Start with the daily tone. When people clock in for work, expect to have their full attention. Personal calls are limited to breaks. Tell people to arrive on time by being 5 minutes early. Spend time at the end of the day wrapping things up, rather than leaving problems and open issues for the next day.

When you see performance problems, address them immediately, swiftly. Tell the person who’s having the problem what’s expected. If you think they’re capable of learning, get them a teacher. If not, ask them to step down into a less stressful job or show them the door.

Many managers hesitate to ask people to leave the company. They worry about the human side, that people won’t be able to find another job in this economy. The flip side is that if someone isn’t doing their job properly, that could end up jeopardizing the entire company, and then everyone will be out of work.

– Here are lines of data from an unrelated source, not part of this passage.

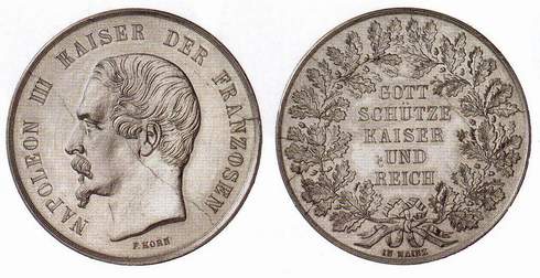 Die Medaille eines anonymen Herstellers von 1914 erinnert an eine undatierte Medaille mit dem Kopf des französischen Kaisers Napoleon III. mit der Aufschrift „Gott schütze Kaiser und Reich“. Sie ist in dem Katalog von Paul Joseph und Eduard Fellner über die Münzen von Frankfurt am Main unter der Nummer 1844 a vermerkt. Im Kommentar schreiben die Autoren, die Medaille aus Silber und Bronze sei Anfang der 1860-er Jahre auf Veranlassung des in Mainz wohnenden Stempelschneiders F. Korn in der Frankfurter Münze in wenigen Exemplaren geprägt worden, jedoch habe der Senat die Prägung sofort einstellen lassen. „Korn wollte, nach einer uns [bekannt] gewordenen Mitteilung, das Stück benutzen, um sich bei Napoleon III. zu empfehlen. Gewicht und Grösse stimmen genau mit den damaligen Doppelthalern; auch der Eichkranz ist diesen nachgebildet“. Das Beispiel zeigt, dass Münzen und Medaillen da und dort in den Dienst fremder Herrschaftsinteressen gestellt wurden, und wenn man weiter sucht, wird man bestimmt weitere Beispiele finden.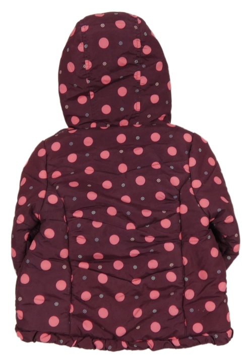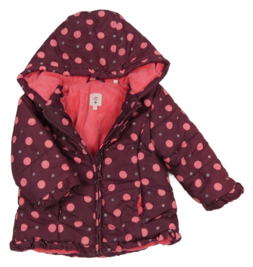 Vínovo-růžová puntíkatá šusťáková zimní bunda s kapucí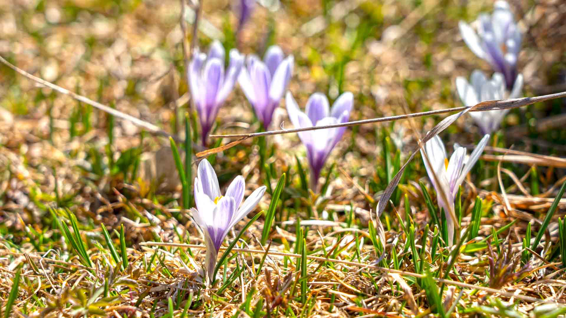 Aber an den sonnigen steilen Wiesenflächen, dort wo es keinen Schnee mehr gibt, sind am letzten Tag des Winters die ersten Frühlingsboten zu entdecken, die ersten bunten Krokusse sprießen bereits aus dem Boden.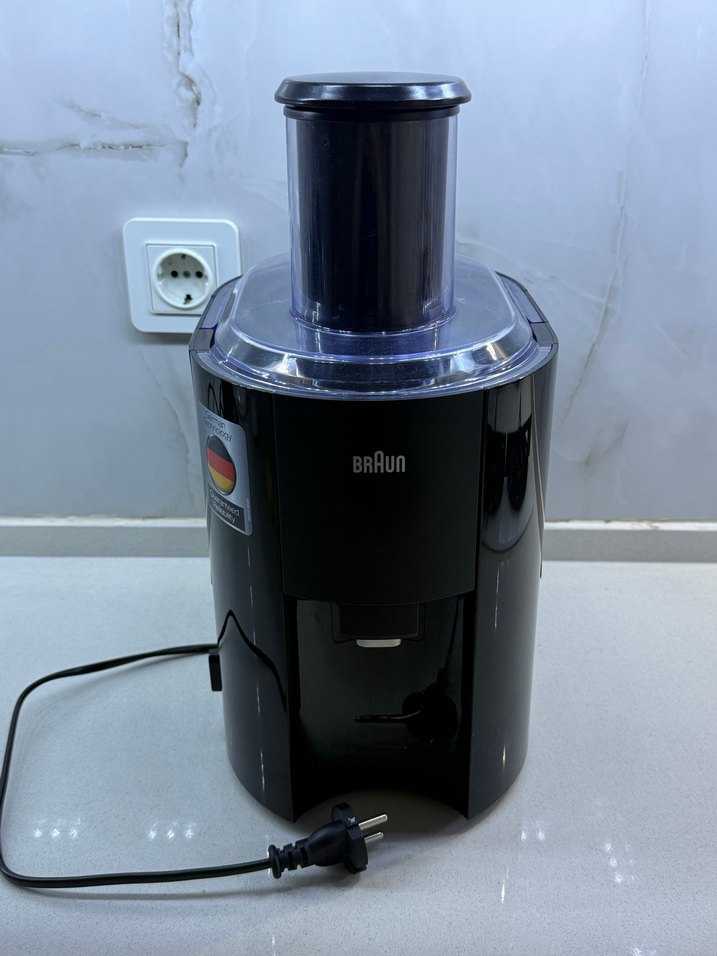Geniş besleme tüpü ve kompakt tasarıma sahip siyah Braun katı meyve sıkacağı. Şeffaf kapağı ve kullanımı kolay güç kablosu bulunur.

Employees and supervisors must actively communicate and coordinate. Use technology to report on what’s done, and to assess profitability. Set up a schedule of meetings to insure people take time to get together. Look at systems available in your industry that can help your company share information and report on productivity, cost and quality.

As the owner, you’re a role model for everyone. Show people how to improve. Demand and give respect. Be clear what it is that you want. Be a teacher and a leader.

If you get frustrated, take a break. Step away before you do more harm than good. Avoid bullying people. Ask people to be responsible. Focus attention and rewards on those people who can meet your standards. If no one is meeting your standards, reconsider what you’re asking of everyone.

Managing personnel in a quality driven environment, takes time to build up. It won’t happen overnight. Stay on top of the details, be consistent, put your demands in writing for everyone to see. Make sure you have a no-exceptions environment, where everyone is held to the same standard.

Finally, keep in mind that now is a good time to look for new hires. Something like 85% of employees plan to seek a different job as the economy turns up. Someone’s need for change may turn into your next great employee. Put feelers out, interview constantly, and when you find someone great, consider where they might fit in your organization.

Looking for a good book? Analyzing Performance Problems: Or, You Really Oughta Wanna – How to Figure out Why People Aren’t Doing What They Should be, and What to do About It, by Robert F. Mager.

______________________________________

Andi Gray is president of Strategy Leaders Inc., www.StrategyLeaders.com, a business consulting firm that specializes in helping entrepreneurial firms grow. She can be reached by phone at 877-238-3535. Do you have a question for Andi?  Please send it to her, via e-mail at AskAndi@StrategyLeaders.com or by mail to Andi Gray, Strategy Leaders Inc., 5 Crossways, Chappaqua, NY 10514. Visit www.AskAndi.com for an entire library of Ask Andi articles.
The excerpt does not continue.